**Work item:** Within the records that follow, restate exactly the lines from the line with "Martin Schmidt und" down to the line with "永福寺溪流藏于山坳间,顺石阶", including both. Omit the pictures.

Collection entries
================================

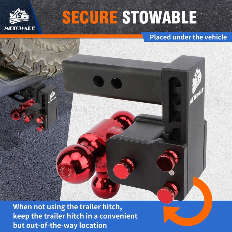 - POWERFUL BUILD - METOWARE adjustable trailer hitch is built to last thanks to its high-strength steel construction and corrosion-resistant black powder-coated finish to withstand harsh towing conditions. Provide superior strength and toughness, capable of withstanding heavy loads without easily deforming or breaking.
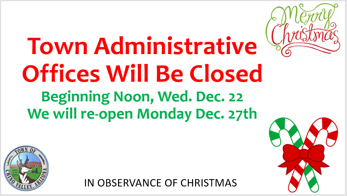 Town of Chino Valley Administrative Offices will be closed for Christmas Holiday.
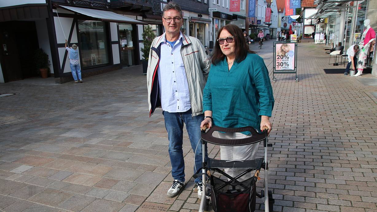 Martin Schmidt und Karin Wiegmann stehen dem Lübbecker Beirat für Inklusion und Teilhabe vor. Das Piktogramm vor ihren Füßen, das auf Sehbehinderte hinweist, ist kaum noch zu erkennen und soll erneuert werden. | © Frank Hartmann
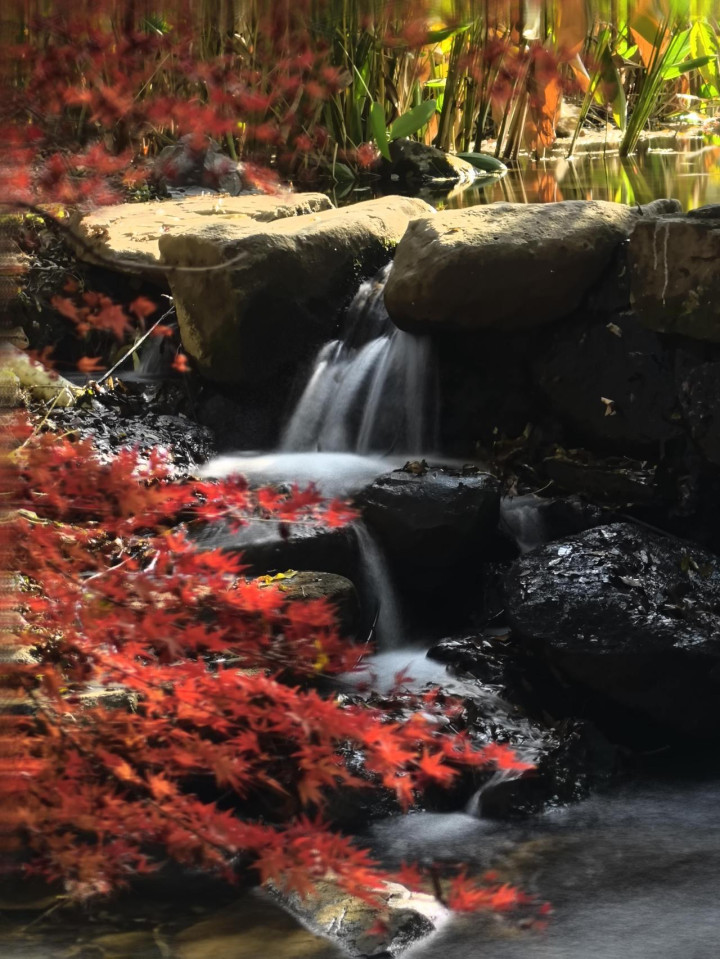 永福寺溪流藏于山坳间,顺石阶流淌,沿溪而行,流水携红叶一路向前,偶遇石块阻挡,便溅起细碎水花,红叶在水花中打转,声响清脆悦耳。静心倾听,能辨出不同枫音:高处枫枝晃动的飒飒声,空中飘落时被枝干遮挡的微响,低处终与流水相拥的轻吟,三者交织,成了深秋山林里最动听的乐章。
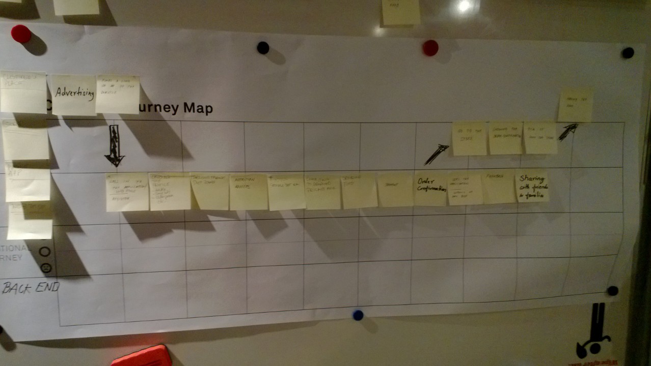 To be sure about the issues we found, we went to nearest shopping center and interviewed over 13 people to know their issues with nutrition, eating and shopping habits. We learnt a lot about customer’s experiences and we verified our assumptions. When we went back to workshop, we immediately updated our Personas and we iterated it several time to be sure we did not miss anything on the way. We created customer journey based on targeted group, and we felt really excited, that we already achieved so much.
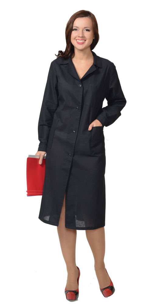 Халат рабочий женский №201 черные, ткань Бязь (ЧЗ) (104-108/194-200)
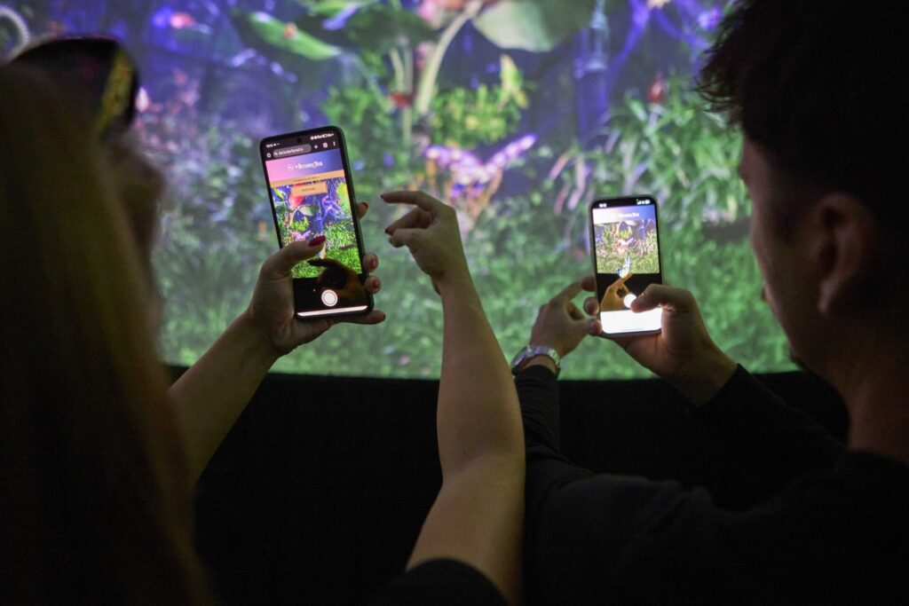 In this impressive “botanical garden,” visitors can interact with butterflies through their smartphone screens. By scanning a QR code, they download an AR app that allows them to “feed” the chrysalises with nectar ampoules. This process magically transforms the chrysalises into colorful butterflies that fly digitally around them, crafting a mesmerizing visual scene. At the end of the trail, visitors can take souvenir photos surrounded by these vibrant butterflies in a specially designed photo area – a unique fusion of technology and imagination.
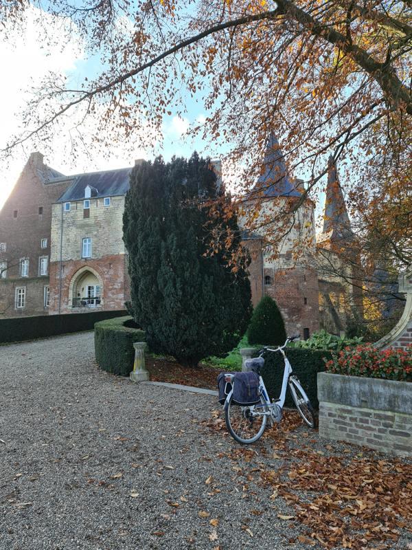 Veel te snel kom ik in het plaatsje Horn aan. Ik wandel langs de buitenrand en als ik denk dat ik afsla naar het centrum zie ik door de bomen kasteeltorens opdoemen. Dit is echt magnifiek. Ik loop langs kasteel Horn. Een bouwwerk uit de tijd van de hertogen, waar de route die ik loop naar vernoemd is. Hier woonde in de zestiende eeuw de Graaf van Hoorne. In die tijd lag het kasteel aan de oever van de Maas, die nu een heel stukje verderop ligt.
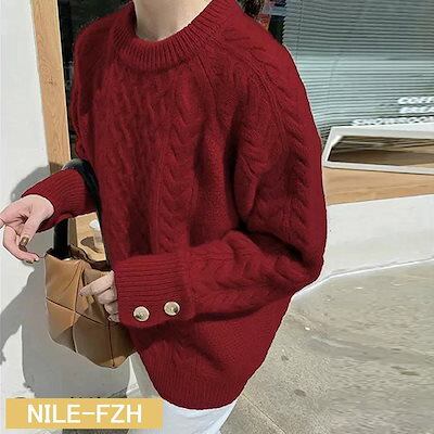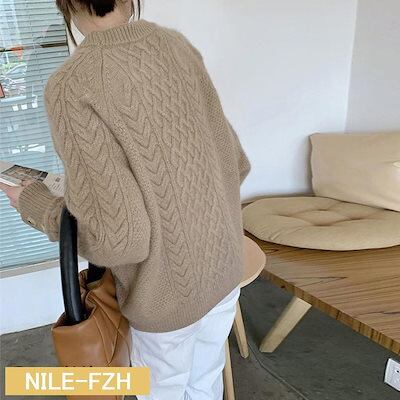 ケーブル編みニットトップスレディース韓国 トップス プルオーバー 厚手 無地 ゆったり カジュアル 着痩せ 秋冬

================================

**Result for this task:**
 Martin Schmidt und Karin Wiegmann stehen dem Lübbecker Beirat für Inklusion und Teilhabe vor. Das Piktogramm vor ihren Füßen, das auf Sehbehinderte hinweist, ist kaum noch zu erkennen und soll erneuert werden. | © Frank Hartmann
 永福寺溪流藏于山坳间,顺石阶流淌,沿溪而行,流水携红叶一路向前,偶遇石块阻挡,便溅起细碎水花,红叶在水花中打转,声响清脆悦耳。静心倾听,能辨出不同枫音:高处枫枝晃动的飒飒声,空中飘落时被枝干遮挡的微响,低处终与流水相拥的轻吟,三者交织,成了深秋山林里最动听的乐章。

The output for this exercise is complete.